The Collected Poems of Rupert Brooke






Choriambics — II

   Here the flame that was ash, shrine that was void,
     lost in the haunted wood,
   I have tended and loved, year upon year, I in the solitude
   Waiting, quiet and glad-eyed in the dark, knowing that once a gleam
   Glowed and went through the wood.  Still I abode strong in a golden dream,
   Unrecaptured.
                  For I, I that had faith, knew that a face would glance
   One day, white in the dim woods, and a voice call, and a radiance
   Fill the grove, and the fire suddenly leap . . . and, in the heart of it,
   End of labouring, you!  Therefore I kept ready the altar, lit
   The flame, burning apart.
                              Face of my dreams vainly in vision white
   Gleaming down to me, lo! hopeless I rise now.  For about midnight
   Whispers grew through the wood suddenly, strange cries in the boughs above
   Grated, cries like a laugh.  Silent and black then through the sacred grove
   Great birds flew, as a dream, troubling the leaves, passing at length.

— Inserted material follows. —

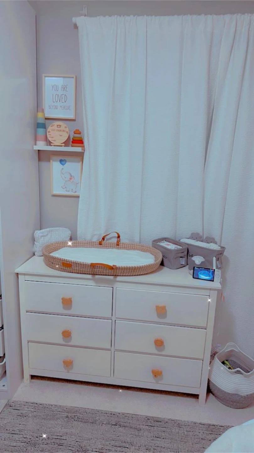 Selling a white changing table with drawers for storage. It's in good condition and a great addition to any nursery

                                                                        I knew
   Long expected and long loved, that afar, God of the dim wood, you
   Somewhere lay, as a child sleeping, a child suddenly reft from mirth,
   White and wonderful yet, white in your youth, stretched upon foreign earth,
   God, immortal and dead!
                            Therefore I go; never to rest, or win
   Peace, and worship of you more, and the dumb wood and the shrine therein.